On a recent afternoon, about a dozen Somali women talk in spurts as they weave 4-inch metal needles through a basket.
It doesn't look like therapy, but in a way, it is.
Washington state is one of the top entry points for new refugees coming to the U.S. For many newcomers, the trauma from their home countries follows them here. Many struggle with nightmares, depression or PTSD. And they often suffer alone.
Some service providers in King County have developed new ways to help refugees overcome mental health issues. And the work has gained international attention.
Connecting To A New Community
Farhiya Mohamed leads a weaving group at a nonprofit in SeaTac where women make baskets and other decorations out of palm leaves brought all the way from Somalia. “Very soft ones, we make it into like floor mats,” Mohamed said as she demonstrated the technique.
Mohamed said all the women in this group fled Somalia’s brutal civil war. They’ve seen bombings, shootings and violence against their families. Mohamed saw these things, too. "Yes, I remember because they came to our house,” she said. “They beat my father, my cousin, my sister. I remember they almost shot her.”
Mohamed recounted these events matter-of-factly. Then, without flinching, adds that the good thing is those men did not rape her or her sisters, as was common.
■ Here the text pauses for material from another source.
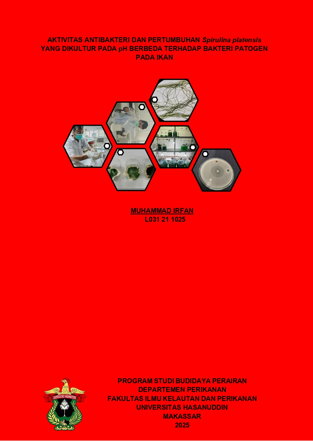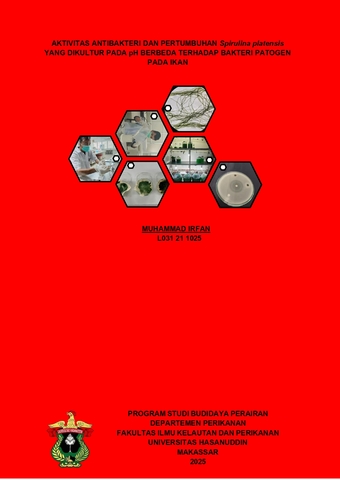 IRFAN, MUHAMMAD (2025) AKTIVITAS ANTIBAKTERI DAN PERTUMBUHAN Spirulina platensis YANG DIKULTUR PADA pH BERBEDA TERHADAP BAKTERI PATOGEN PADA IKAN = Antibacterial Activity and Growth of Spirulina platensis cultured at different pH against pathogenic bacteria in fish. Skripsi thesis, Universitas Hasanuddin.

Awo Mohamed has come to this group since it started two years ago. Farhiya Mohamed interpreted for her. “I forgot about weaving stuff," Awo Mohamed said. "I used to do it before, but when I came to the refugee camp, I stopped doing it.”
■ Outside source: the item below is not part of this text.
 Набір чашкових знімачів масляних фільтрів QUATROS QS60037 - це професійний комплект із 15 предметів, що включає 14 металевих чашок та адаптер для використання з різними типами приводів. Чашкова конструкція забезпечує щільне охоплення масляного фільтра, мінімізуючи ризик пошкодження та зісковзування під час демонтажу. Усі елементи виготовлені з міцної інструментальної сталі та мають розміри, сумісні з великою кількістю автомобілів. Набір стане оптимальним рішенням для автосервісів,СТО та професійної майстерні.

Awo Mohamed said the group helps her connect with a new community in America and deal with her memories from Somalia.
"Before, by myself, I was thinking a lot and then my memory is not right," she said. "But now my memory gets back because I come with the women here and then I start talking with them. So, now I’m getting much, much better."
Activities For Healing
Beth Farmer is a program director with Lutheran Community Services and has an office just upstairs from the weaving group. “Having an activity that’s meaningful and joyful, that’s an amazing thing to healing people,” Farmer said.
Gatherings like this help people avoid isolation, depression and a possible crisis down the road, she explained.
Until recently, Farmer said it was often only when crisis hit that a refugee’s mental health issues would surface. "They had lost their jobs, they were being evicted, they had attempted suicide," she said.
Local agencies want to get to people sooner.
When new refugees arrive in the U.S. they get a mandatory health exam. It’s supposed to cover mental health, too, but Farmer said that rarely happens. Physicians don’t have time. Or they don’t have a good, cross-cultural way to assess people who have no translation for terms like “mental health” or “depression.”
The federal Office of Refugee Resettlement lays out guidelines to assess mental health. Officials there declined a recorded interview. But in a written statement, they acknowledge there’s no verification that the assessments get done.
‘Too Many Thoughts’
Three years ago, Farmer led efforts to create a tool that more physicians would want to use. Farmer riffles through a drawer stuffed with case files for recently arrived refugees.
"These are all positives of people we’ve reached out to since the beginning of the project," she said. They all were screened for mental health, almost upon arrival. That’s a sea change from a few years ago.
Farmer worked with partner organizations and Public Health - Seattle & King County to develop a new system. They came up with a 15-question survey that was simple, effective and culturally correct, crafting the questions carefully. Farmer read one of them: "Are you having too much thinking or too many thoughts?"
If that phrase sounds familiar it's because that's how Awo Mohamed put it when she was talking during the group. Saying they have too many thoughts is a way many cultures express worry.
King County now uses this tool to screen all new refugees. It's shown that one out of every three people shows signs of significant distress from PTSD, depression or other issues.
"We just shook our heads the whole first year," Farmer said. "We would just think, 'Oh my god, what would this person have done? If they – what would they have done?'"
Among those referred to mental health treatment, Farmer said up to 70 percent follow through, depending on the language or type of case. To her, that’s a huge success rate since mental health tends to carry a big stigma among refugees. To many, it just means “crazy.”
Plans are underway to roll out the tool statewide. It’s also used in 50 sites across the country, and Farmer has had interest in the tool from all over the world, including Hong Kong, Germany, Canada and Australia.
In King County, the screenings have revealed a growing need to help torture victims. That’s sparked some new services paid for with a federal grant.
But perhaps one of the most meaningful ways Farmer sees success is with the refugees who walk into her office every day. Just like the Somali women weaving baskets, Farmer’s relieved to see more refugees seek out support on their own terms, before a crisis hits.
She described a recent knock on her door. "They came in with one my cards that looked all beaten up and folded like eight times and they just kind of slid it to me and they said, 'I was told to come with you, that I could get some help,'" Farmer said.